§ DATA PROVIDED:

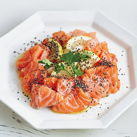 新鮮なサーモンをさっぱりと仕上げたカルパッチョ。特製ソースで、ほどよい酸味と旨みをご堪能ください。
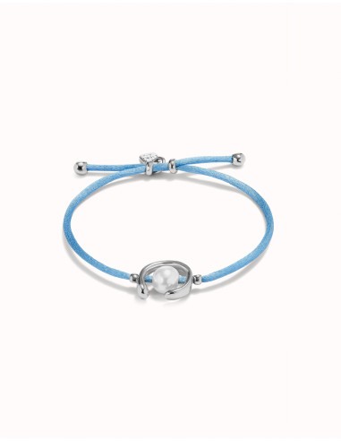 Pulsera SER DIFERENTE de mujer elaborada en metal bañado en plata con hilo azul y perla marca UNO de 50 ref. PUL2505AZUMTL0M. Colección Ser Diferente. Talla M. Está elaborada en España utilizando técnicas artesanales, con una aleación de metales y cuero.
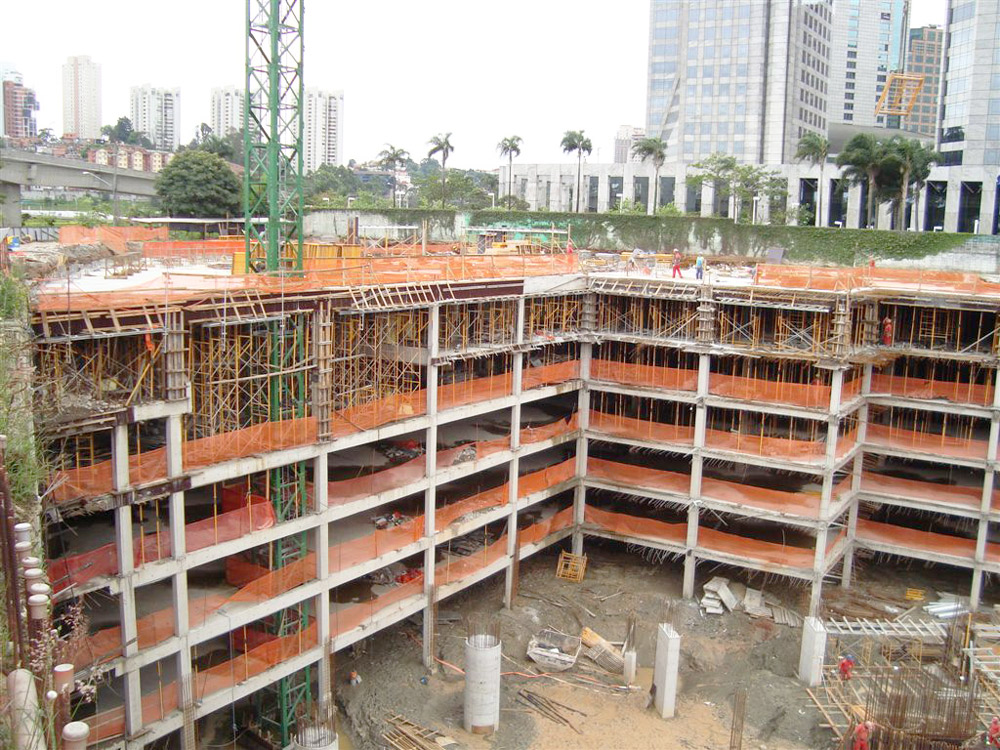 La periferia de la obra se divide en tres secciones de unos 2.000 m2, con 5 niveles de sótanos. La proyección del edificio tiene 2.400 m2, hasta totalizar 138.000 m2 de superficie construida.
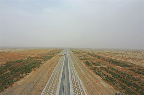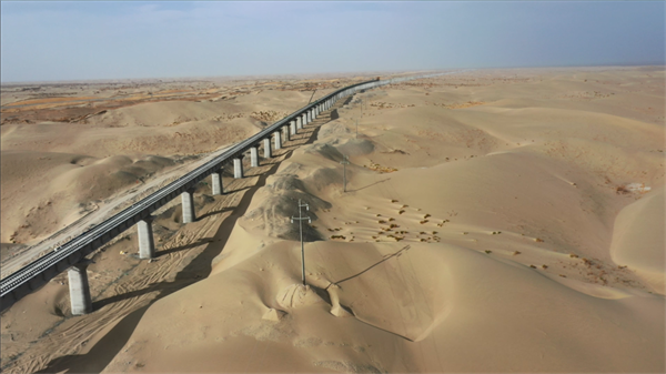 和若鐵路為國家重點(diǎn)鐵路建設(shè)項(xiàng)目,線路全長825.476公里,2018年12月開工建設(shè),連通南疆和田地區(qū)和田市與巴音郭楞蒙古自治州若羌縣。完成鋪軌的和若鐵路與現(xiàn)有格庫鐵路、喀和鐵路、南疆鐵路連通,環(huán)繞塔克拉瑪干沙漠一周,構(gòu)成世界首條環(huán)沙漠鐵路線。

§ WHAT TO PRODUCE:
Only an exact copy of the lines from the one with "La periferia de" through the last line of the data above is wanted, and no pictures.

§ SOLUTION TO THE EXERCISE:
 La periferia de la obra se divide en tres secciones de unos 2.000 m2, con 5 niveles de sótanos. La proyección del edificio tiene 2.400 m2, hasta totalizar 138.000 m2 de superficie construida.
 和若鐵路為國家重點(diǎn)鐵路建設(shè)項(xiàng)目,線路全長825.476公里,2018年12月開工建設(shè),連通南疆和田地區(qū)和田市與巴音郭楞蒙古自治州若羌縣。完成鋪軌的和若鐵路與現(xiàn)有格庫鐵路、喀和鐵路、南疆鐵路連通,環(huán)繞塔克拉瑪干沙漠一周,構(gòu)成世界首條環(huán)沙漠鐵路線。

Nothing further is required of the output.